The 80/20 Rule of AI Code
AI wrote 80% of my feature in 10 minutes.
The code was clean. The logic worked. The happy path worked on the first try. I felt productive. I thought I would finish in another 15 minutes.
That was Tuesday. By Thursday evening, I was still working on the same feature.
The AI did not fail. It succeeded at the wrong thing. It did the easy part and left the hard part to me.
The AI handles the happy path. It does not handle:
- Empty states: What happens when a user has no data?
- Error handling: What if the API fails or the network drops?
- Business logic: The AI does not know your specific company rules.
- Scale: The code works for one user but fails for ten thousand.
- Maintenance: The AI writes for today, not for changes next month.
The first 80% is fast and magical. The last 20% is where the real work lives. That last bit takes 80% of your total time.
I recently spent 30 seconds prompting 200 lines of code. I then spent 3 hours fixing it. I had to add the null checks, the error paths, and the edge cases the AI ignored.
The 30 seconds was the scaffolding. The 3 hours was the actual job.

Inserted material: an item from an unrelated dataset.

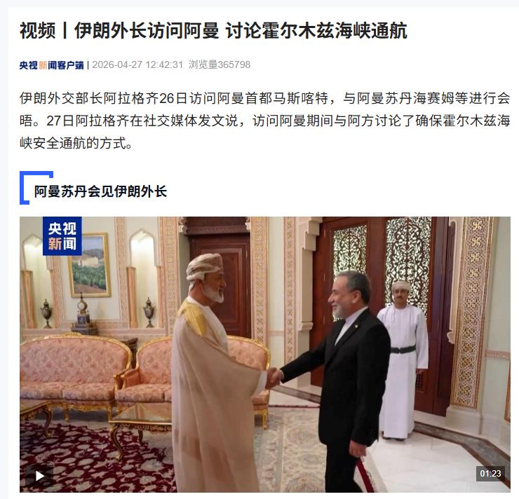 伊朗外长传来新消息。 2026年4月27日,伊朗外长阿拉格齐突然在社交媒体上放话了。他说自己跑去阿曼,跟对方认真谈了怎么确保霍尔木兹海峡安全通航。 为什么选阿曼?这地方在中东是个出了名的“和事佬”,跟伊朗、沙特、美国各方关系都还过得去,说话有人听。阿拉格齐跑去跟海赛姆苏丹谈,意思很明白:咱沿岸国家自己的事,自己关起门来商量,别让外人掺和。 他见面时直接挑明了,美国在地区的军事存在只会导致动荡和分裂,地区国家得在“不受美国干预”的情况下,自己搞一套集体安全机制。这话是说给谁听的,大家心知肚明。 按原计划,26日见了阿曼苏丹,下一站就该飞俄罗斯了。可偏偏傍晚掉头又回了巴基斯坦伊斯兰堡,待了几个小时深夜再走。巴基斯坦资深记者阿布萨尔·阿拉姆·海德尔凌晨就在网上爆料,说“转折”就发生在阿曼的会晤里。 阿曼方面提了个关键建议:不管搞什么霍尔木兹海峡的新安全机制,都得把沙特阿拉伯拉进来。这一下子就把棋局变大了。阿拉格齐立刻折返,估计就是通过巴基斯坦这个中间人,赶紧把这份“必须带上沙特”的新条件传递出去。 果然,沙特通讯社随后就证实,他们的外交大臣费萨尔26日当天就跟阿拉格齐通了电话。你看,一条社交媒体的动态,背后是几个小时内外交路线的急速调整和关键电话的沟通,这节奏快得让外界根本反应不过来。 他选择在社交媒体上亲自公布,而不是通过外交部发个正经声明,这本身就是一种策略。等于是绕开了传统媒体的过滤和解读,直接把“我们沿岸国家在认真商量怎么管好自家门口”这个信息,塞到了全球网友和观察家的眼皮子底下。 这种“直播外交”的做法,打破了外界总觉得中东外交行动迟缓、充满预告的刻板印象。阿曼外交大臣巴德尔也在自己账号上跟进,说进行了“良好讨论”,并承认对国际社会负有共同责任。一来一往,话题的热度和关注度立刻就上去了。 那么,伊朗为什么这么着急要谈霍尔木兹海峡?这条窄窄的海峡,每天承载着全球约三分之一的海运石油贸易,说是世界经济的咽喉也不为过。它的安全,直接连着国际油价和供应链的稳定。 伊朗和阿曼作为两个主要的沿岸国,坐下来谈怎么保障通行安全,名义上是“让所有邻国及全世界获益”,实际上是在争夺这件事的主导权和话语权。过去这片水域的安全,很大程度上被与美国结盟的海湾国家以及美国海军第五舰队影响着。 伊朗现在拉上阿曼,还想把沙特甚至卡塔尔都拽进来,目的就是要把美国的影响力挤出去,建立一个由地区国家自己说了算的新规矩。 所以,阿拉格齐这趟看似突然的低调出行,根本不是什么心血来潮。这是一套组合拳:先找最合适的调解人(阿曼)定下调子(沿岸国家自主),再根据现场情况(阿曼提议拉沙特入伙)立刻调整策略,通过中间人(巴基斯坦)传递信息,同时用社交媒体把核心信息广而告之,抢占舆论阵地。 整个过程高效、灵活,目标明确——在美国影响力相对收缩的窗口期,尽快搭建一个排除外部大国的地区安全协商框架,把霍尔木兹海峡这个命脉的管控权,尽可能抓在自己和周边邻居手里。至于能不能成,还得看沙特等关键方接不接招,但伊朗这步棋,已经实实在在地走出去了。

AI does not reduce the work. It relocates it. It moves time from writing structure to ensuring the code is production-ready.
If you use AI, change your approach:
- Budget more time: If AI says a task takes 10 minutes, plan for 40.
- Prompt for failure: Explicitly ask the AI how to handle errors and empty inputs.
- Write tests first: Write failing tests before you generate code. This forces the AI to meet your standards.
The 80% gets you to a demo. The 20% gets you to production.
What is your ratio? How long does it take you to finish what the AI starts?